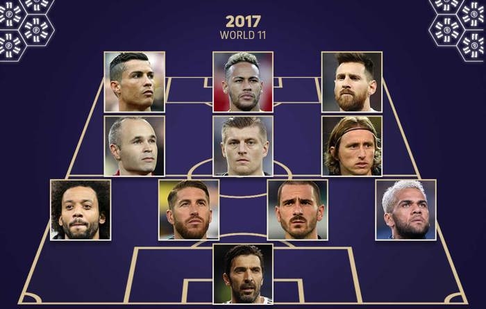 門將:布馮(意大利);后衛(wèi):馬塞洛(巴西)、拉莫斯(西班牙)、博努奇(意大利)、阿爾維斯(巴西);中場:伊涅斯塔(西班牙)、克羅斯(德國)、莫德里奇(克羅地亞);前鋒:C羅(葡萄牙)、內馬爾(巴西)、梅西(阿根廷)
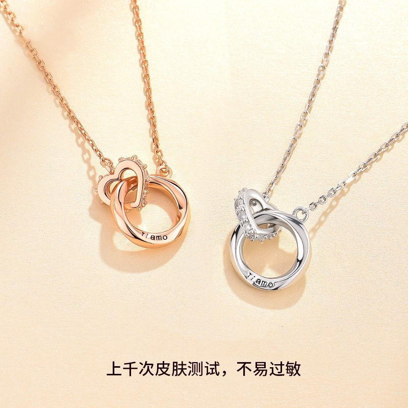 韩版莫比乌斯环钛钢项链女2024年新款潮双环锁骨链气质饰品批发
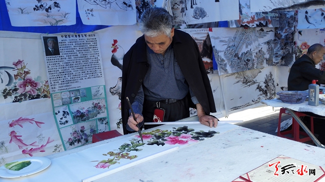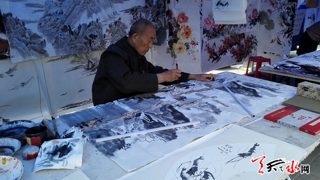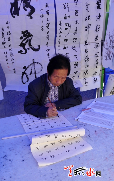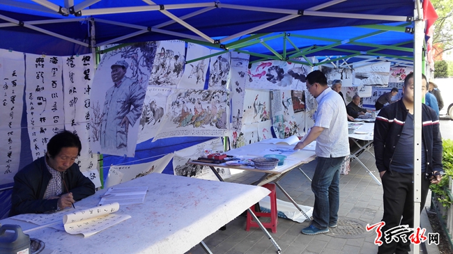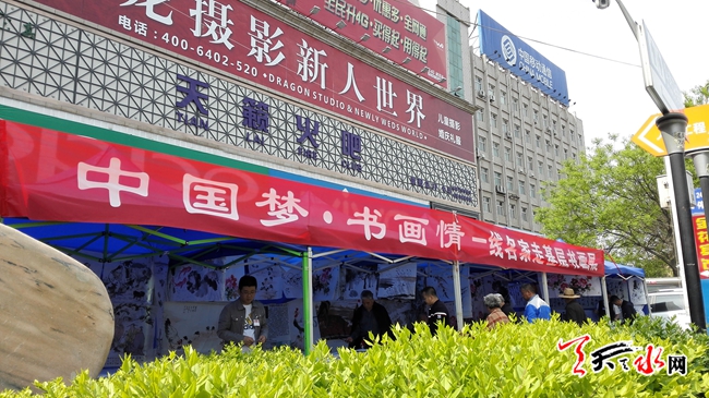 天天天水网26日11时讯【记者 杨旭 王明辉】4月26日,在秦州区自治巷口,中国梦•书画情一线名家在此挥毫泼墨,正在开展走基层书画展活动。记者在现场看到,过往市民纷纷驻足观看,欣赏佳作。
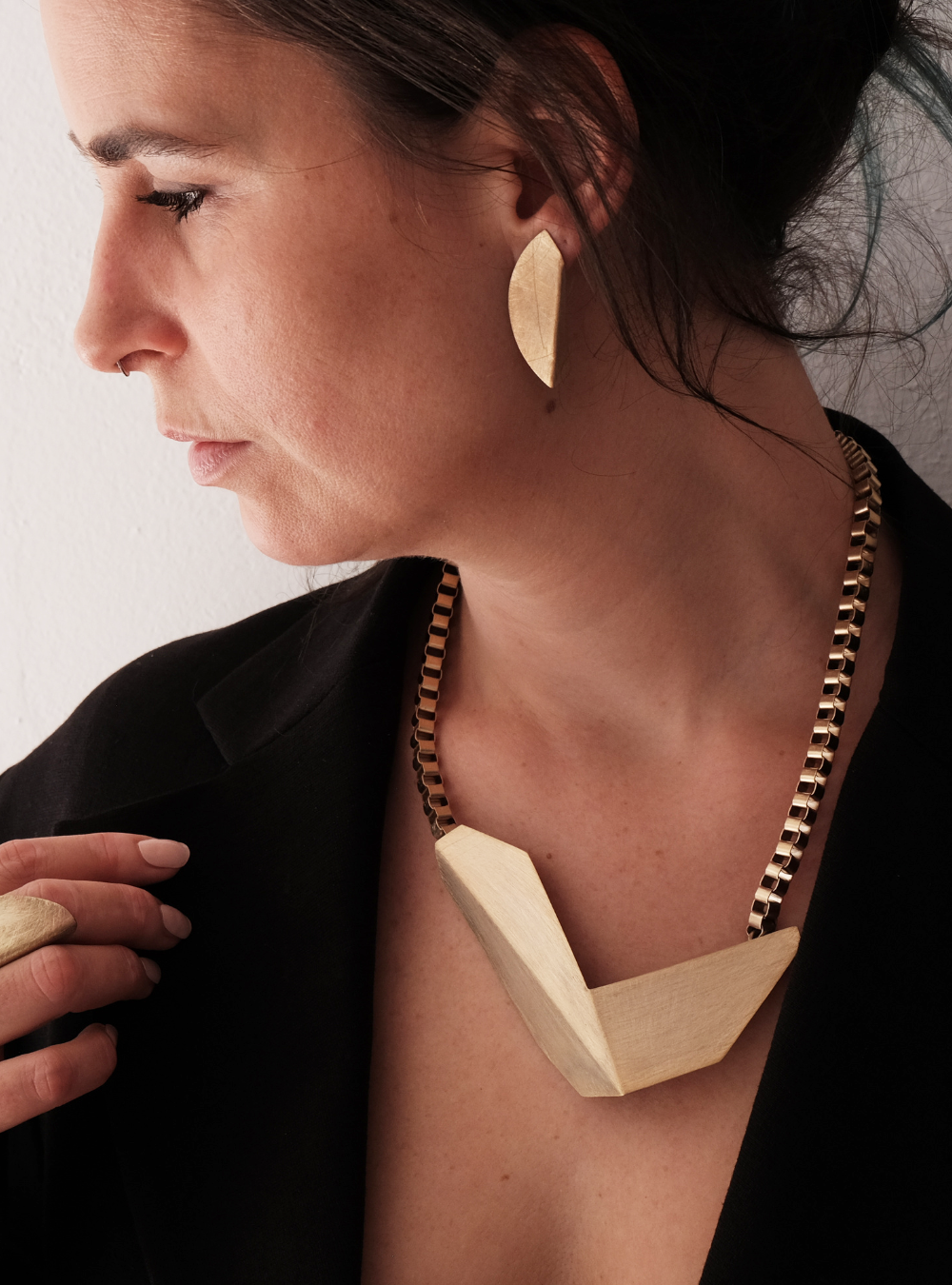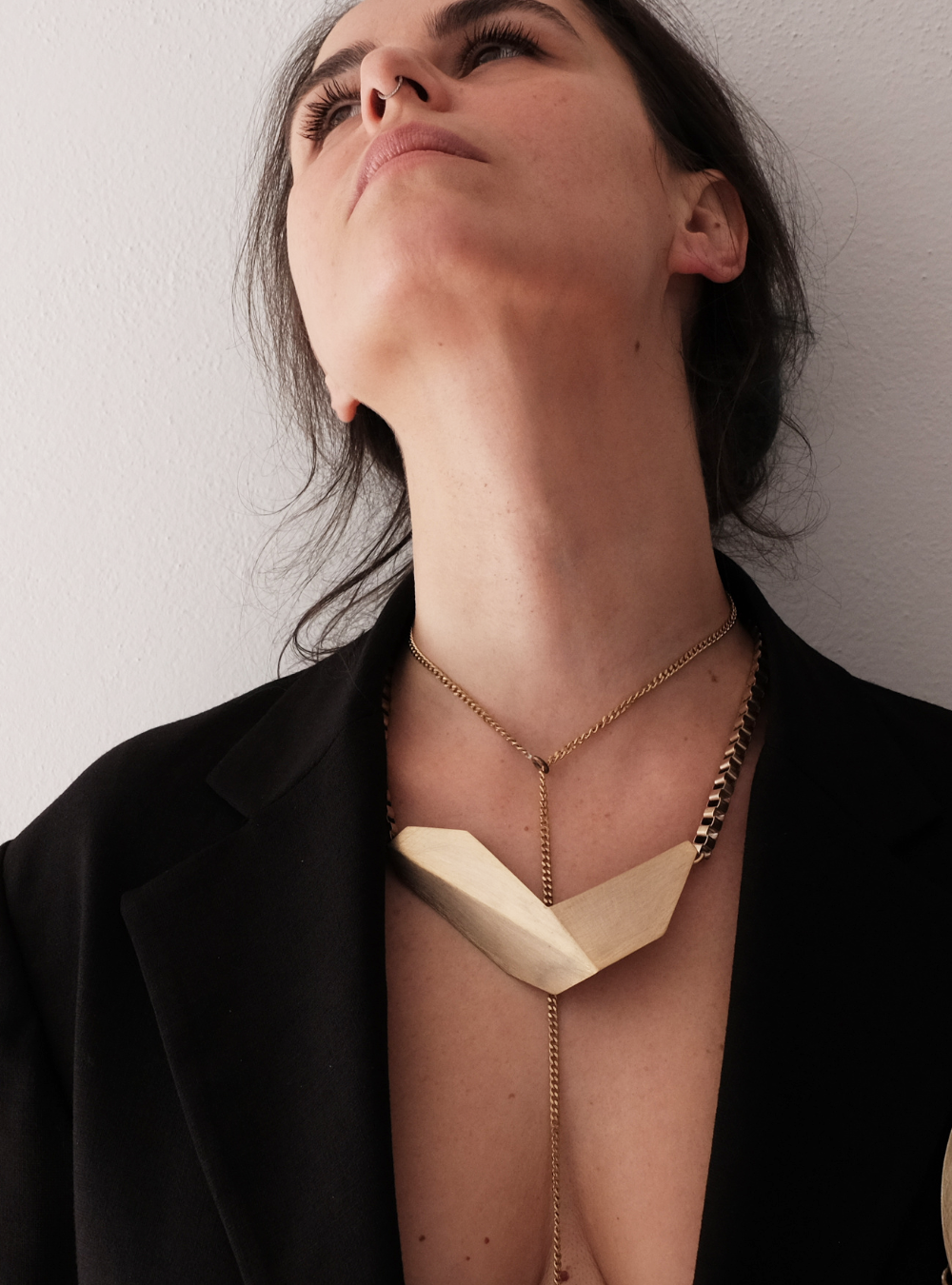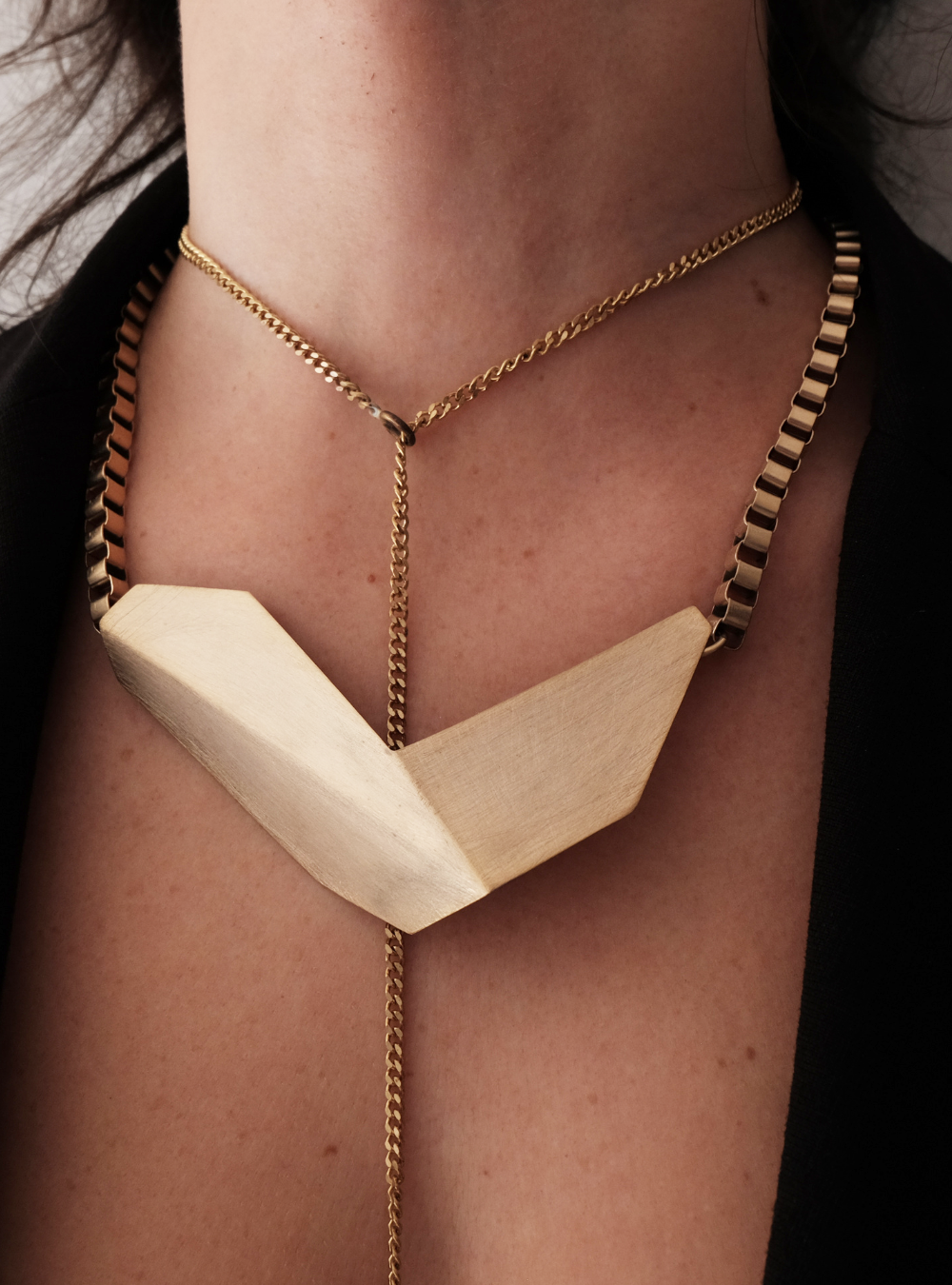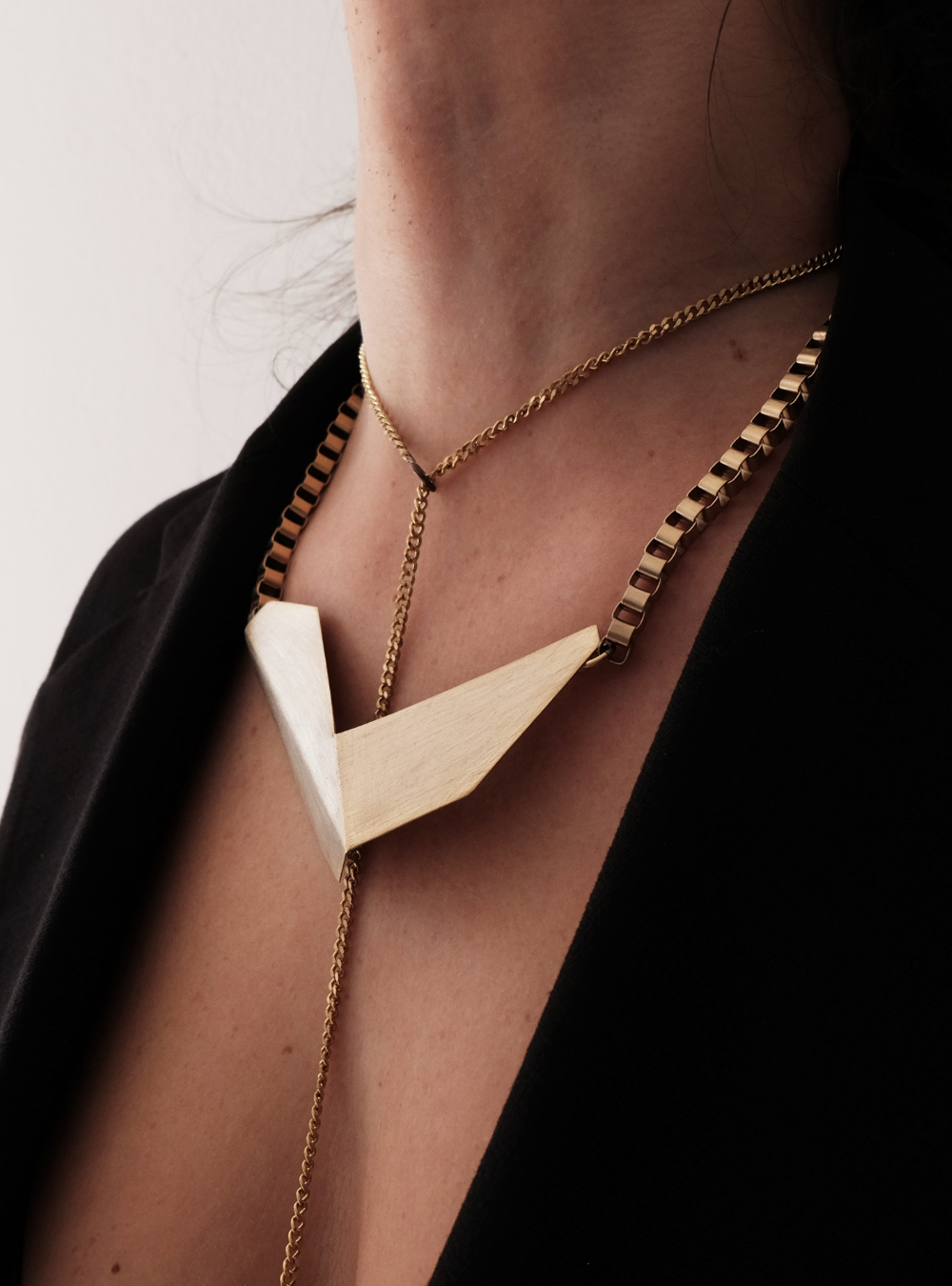 La collana geometrica catena CIGNO è un gioiello artigianale in ottone con rifinitura in oro chiaro satinato con ciondolo in lamina piegata ispirata alle sculture dell’artista designer Bruno Munari.

========

### Exercise requirements
Every line of the listing should be copied precisely, with images omitted.

### Response to the task
 門將:布馮(意大利);后衛(wèi):馬塞洛(巴西)、拉莫斯(西班牙)、博努奇(意大利)、阿爾維斯(巴西);中場:伊涅斯塔(西班牙)、克羅斯(德國)、莫德里奇(克羅地亞);前鋒:C羅(葡萄牙)、內馬爾(巴西)、梅西(阿根廷)
 韩版莫比乌斯环钛钢项链女2024年新款潮双环锁骨链气质饰品批发
 天天天水网26日11时讯【记者 杨旭 王明辉】4月26日,在秦州区自治巷口,中国梦•书画情一线名家在此挥毫泼墨,正在开展走基层书画展活动。记者在现场看到,过往市民纷纷驻足观看,欣赏佳作。
 La collana geometrica catena CIGNO è un gioiello artigianale in ottone con rifinitura in oro chiaro satinato con ciondolo in lamina piegata ispirata alle sculture dell’artista designer Bruno Munari.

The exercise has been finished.